#### The records:
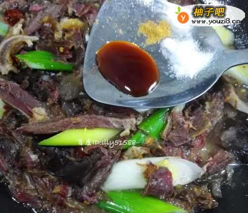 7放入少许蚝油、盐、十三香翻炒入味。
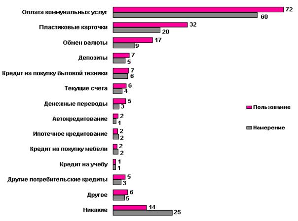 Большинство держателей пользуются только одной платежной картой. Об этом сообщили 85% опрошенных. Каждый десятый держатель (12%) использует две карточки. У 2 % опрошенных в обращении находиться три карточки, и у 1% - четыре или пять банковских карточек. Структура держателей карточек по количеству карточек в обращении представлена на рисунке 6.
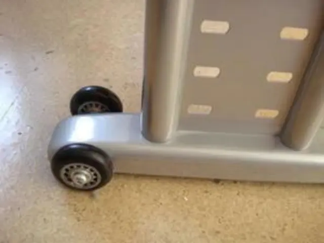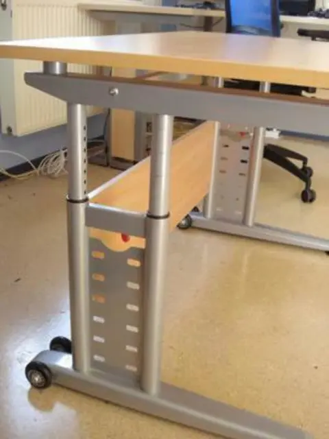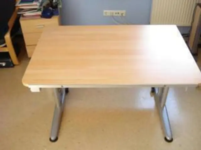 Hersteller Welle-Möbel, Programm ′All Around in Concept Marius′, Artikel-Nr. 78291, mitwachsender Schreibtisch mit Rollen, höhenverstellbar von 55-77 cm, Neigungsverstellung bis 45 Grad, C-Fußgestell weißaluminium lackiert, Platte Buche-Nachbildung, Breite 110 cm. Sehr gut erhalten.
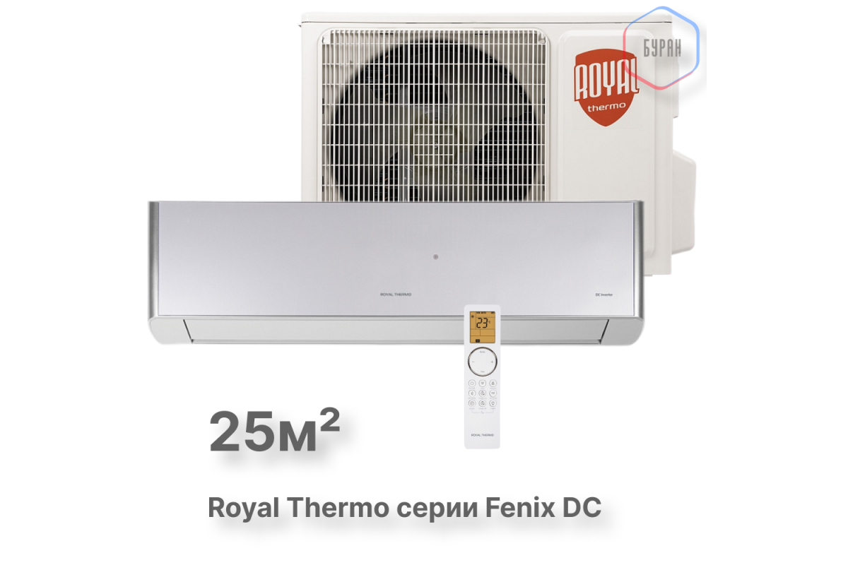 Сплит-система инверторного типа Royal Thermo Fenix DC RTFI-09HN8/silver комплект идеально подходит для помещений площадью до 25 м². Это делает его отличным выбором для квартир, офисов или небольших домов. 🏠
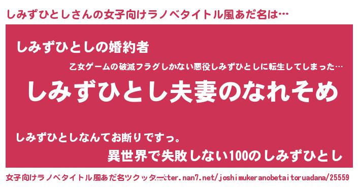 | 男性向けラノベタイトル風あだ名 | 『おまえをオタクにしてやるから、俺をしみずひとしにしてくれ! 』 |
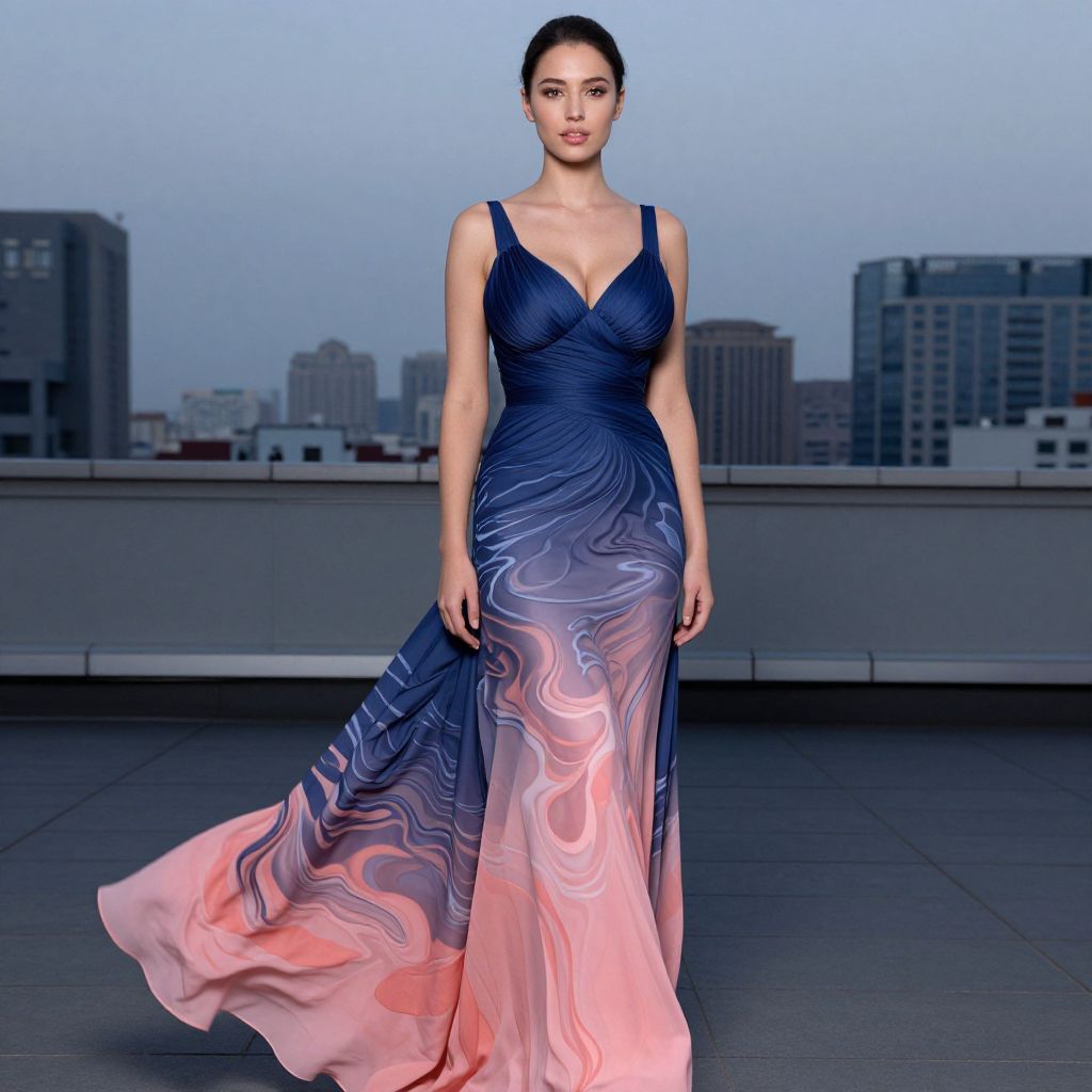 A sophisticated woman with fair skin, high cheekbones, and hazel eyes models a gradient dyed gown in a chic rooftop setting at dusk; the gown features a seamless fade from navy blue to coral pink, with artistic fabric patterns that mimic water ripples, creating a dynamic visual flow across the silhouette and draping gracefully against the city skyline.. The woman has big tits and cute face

#### Task instructions:
Starting at the line that contains "男性向けラノベタイトル風あだ名 | 『おまえをオタクにしてやるから、俺をしみずひとしにしてくれ! 』 |", restate each line verbatim through the final line of the listing, skipping all pictures.

#### Written answer:
 | 男性向けラノベタイトル風あだ名 | 『おまえをオタクにしてやるから、俺をしみずひとしにしてくれ! 』 |
 A sophisticated woman with fair skin, high cheekbones, and hazel eyes models a gradient dyed gown in a chic rooftop setting at dusk; the gown features a seamless fade from navy blue to coral pink, with artistic fabric patterns that mimic water ripples, creating a dynamic visual flow across the silhouette and draping gracefully against the city skyline.. The woman has big tits and cute face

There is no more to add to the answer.